For those of you who like the outdoors, but suffer from pollen allergies, we want to help! As all doctors agree, prevention is better than a cure so understanding what kind of pollen you are allergic to is more than half the battle. If you can work out what triggers your hay fever, you can try to avoid it whilst still enjoying outdoor activities , especially gardening!

Since pollen is primarily carried by wind or insects, it is impossible to avoid it altogether. Airborne pollen is at its highest concentration in the morning as the temperature starts to warm and in the evening as the temperature cools. Warm, windy days are the worst for airborne pollen, but many allergy-suffering gardeners cannot stop working due to these conditions. In this situation, seeking medical advice and wearing personal protective equipment are the best ways to lessen allergy symptoms. Generally, different plant groups create more pollen during a specific time frame throughout the year. You may be able to identify what type of pollen you allergic by what time of year you have symptoms:

  • Tree pollen usually affects people from January to May
  • Grass pollen is released in May through to the end of the grass growing period (this is usually autumn).
  • Weed pollen season is late summer into autumn.
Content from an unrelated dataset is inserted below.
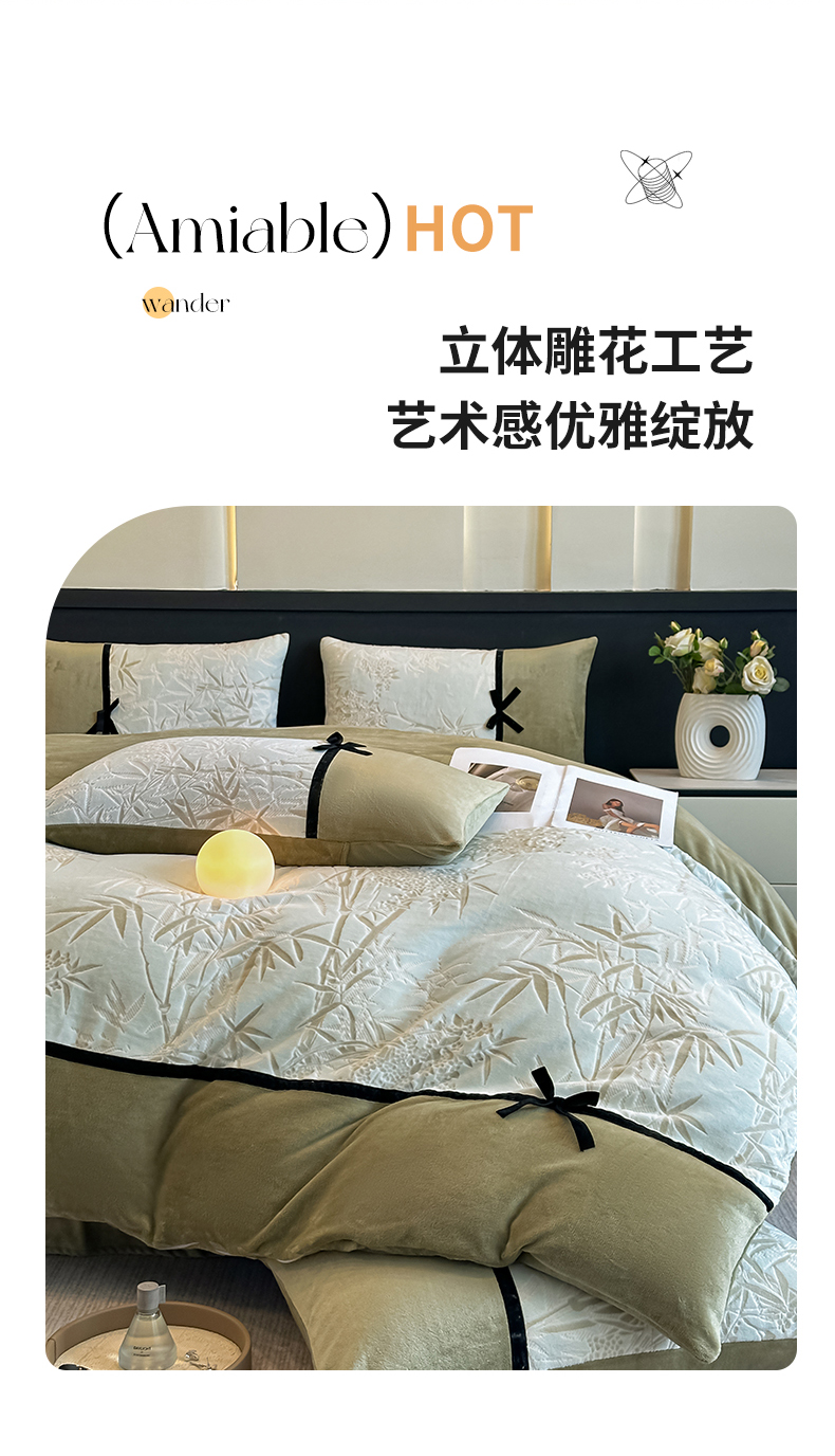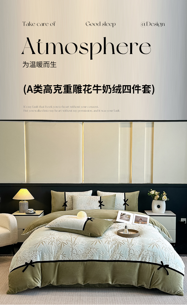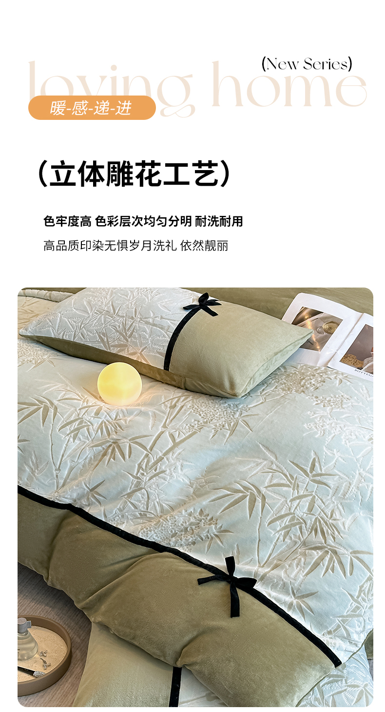 当前位置: 91家纺网 > 商品网购 > 床品套件 > 四件套 > 牛奶绒四件套 > 凯美家居 2025新款A类雕花牛奶绒四件套-美拉德系列 雅致

Easy ways to reduce your pollen contact:

  1. If you suffer from a tree pollen allergy, avoid planting trees or shrubs with catkins such as: alder (Alnus) , ash (Fraxinus) , beech (Fagus) , birch (Betula) , elm (Ulmus), ginkgo, hazel (Corylus) , mulberry (Morus) and oak (Quercus) . If you desperately want to plant one of these trees in your garden, check if it is dioecious so you can select a female plant that won’t produce pollen but will produce fruit.

  2. Choose plants that attract wildlife. Their pollen is generally collected by insects so it is less likely to be airborne. Plants like foxgloves (Digitalis), Campsis and other trumpet-shaped flowers are also good options.

  3. Grass pollen sources include lawns, ornamental grasses, and meadows. Luckily, ornamental grasses such as Muhlenbergia, Stipa, Carex, and Miscanthus are low maintenance during the warmer months. Also, lawn grass pollen can be greatly reduced by frequent cutting.